ナウザーに矯正されたエヴァルフィは今では立派な大人だ。過去の我が身を悔い、王の理解が得られていようが一歩間違えば竜騎士であるとて処刑の対象となる行為をあえて貫き通したナウザーを敬愛するようになった。十七の歳には正式に竜騎士団長として采配を振るう有能さも見せたのだが、隣国との戦いでナウザーは腕を失い竜は重傷を負う。エヴァルフィはその責任を負って王太子であるにもかかわらず自ら竜騎士団長を辞任してしまったのだ。以来竜騎士団長は一度竜騎士を引退したランサムが請け負っている。その過去があるにもかかわらず、ナウザーはエヴァルフィが過去の恨みを晴らしにやって来たと勘違いしてしまった。ファミアのいう事は最もだ。自分は最低だと、大笑いするソウドの前で頭を抱えて項垂れる。
「とにかく明日にも殿下にお目通り願う。」
「そりゃ急いだ方がいい。お前なら明日と言わず今からでも許されんじゃねぇか。」
「―――何かあるな?」
面白そうに面会を勧めるソウドにナウザーは嫌な予感がした。
「殿下は個人的にいくつか領地を持ってんだろ。その一つを結婚祝いにってお前名義に書き換えて持参したんだがな。どうやらファミアと話をして考え直したらしい。」
「いらねぇよ土地なんか。王太子からの貢物なんて厄介以外の何物でもない。」
多大な功績を上げたならわかるが、結婚した程度で次代の王から個人的に贈り物を賜るなんてやっかみを受けるだけだ。ファルムント家だけが王家より特別視されているとみられ、危険因子として貴族らの攻撃を受ける可能性もある。ファミアといったい何を話したかは知らないが、改めてもらえて良かったと胸を撫で下ろすナウザーに向かって、ソウドは嫌味たらしく口角を上げた。

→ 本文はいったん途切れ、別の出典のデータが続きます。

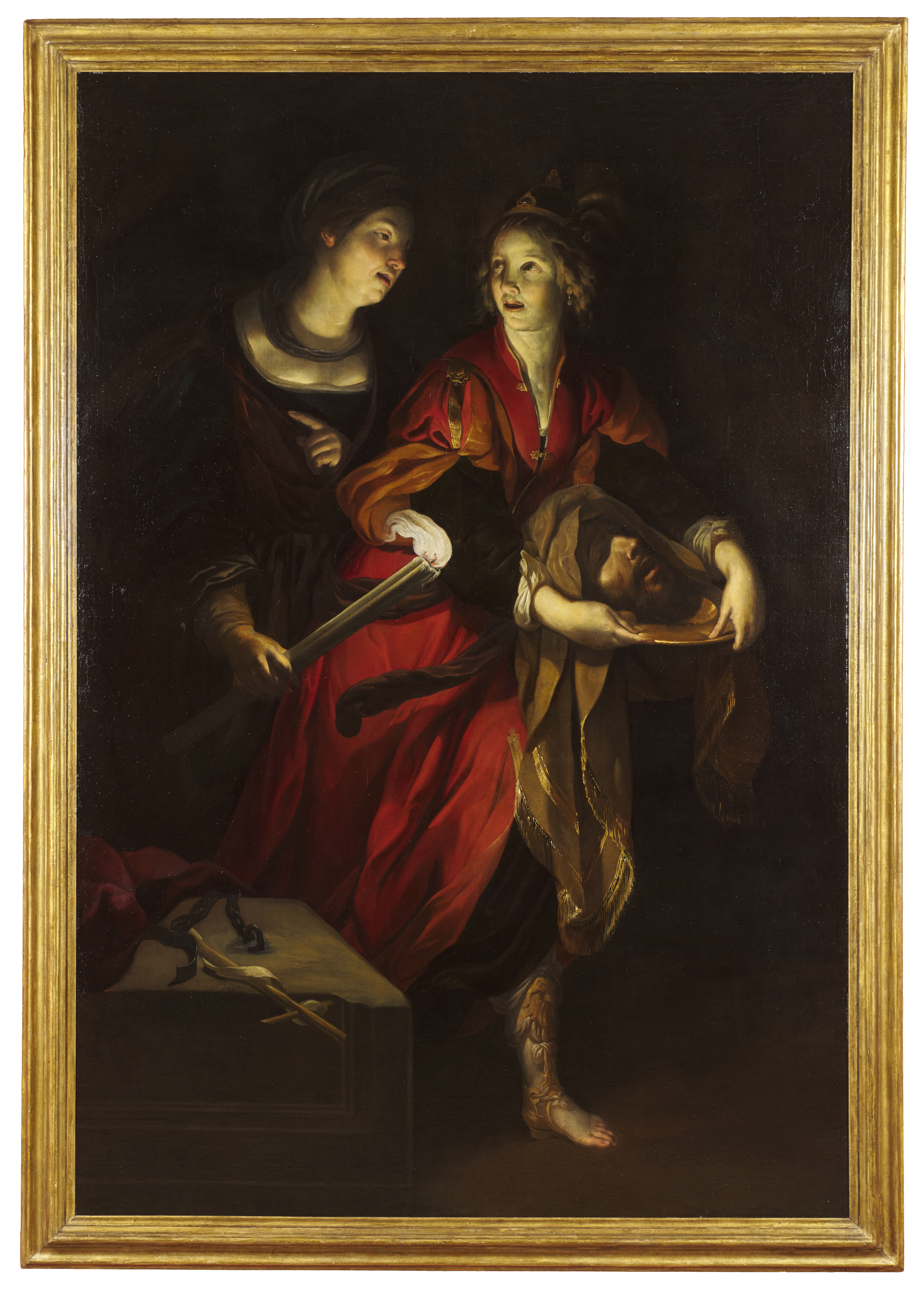 Probablement Rome, collection du cardinal Lorenzo Magalotti (Florence, 1585 – Ferrare, 1637) entre 1624 /1625 et 1637 : « n° 38 Un quadro grande A. p.mi. 9 0/2 largo palmi 6 1/3 con due figure del Naturale una che tiene in mano su un bacile una Testa, et l’altra tiene in mano una Torcia acesa, e a piedi una Croce in Tela con cornice nera rabescata doro del Prostichino scudi 80» (voir Fumagalli in note 1). Gênes, collection particulière.

「“あの様に素晴らしい妻を迎えたナウザーにこの程度では祝いにならない”っつって、予定の領地から金剛石が採れる領地に変更されるそうだ。」
「はぁっ?!」
「文書屋が大慌てだったぞ。リュート殿に説得を頼まれているようだが、急がねぇと明日にでも決済印が押されるに違いねぇ。殿下はお前相手以外には有能だからなぁ。」
ガハハと大笑いするソウドを置き去りに、ナウザーは大慌てで城へと走った。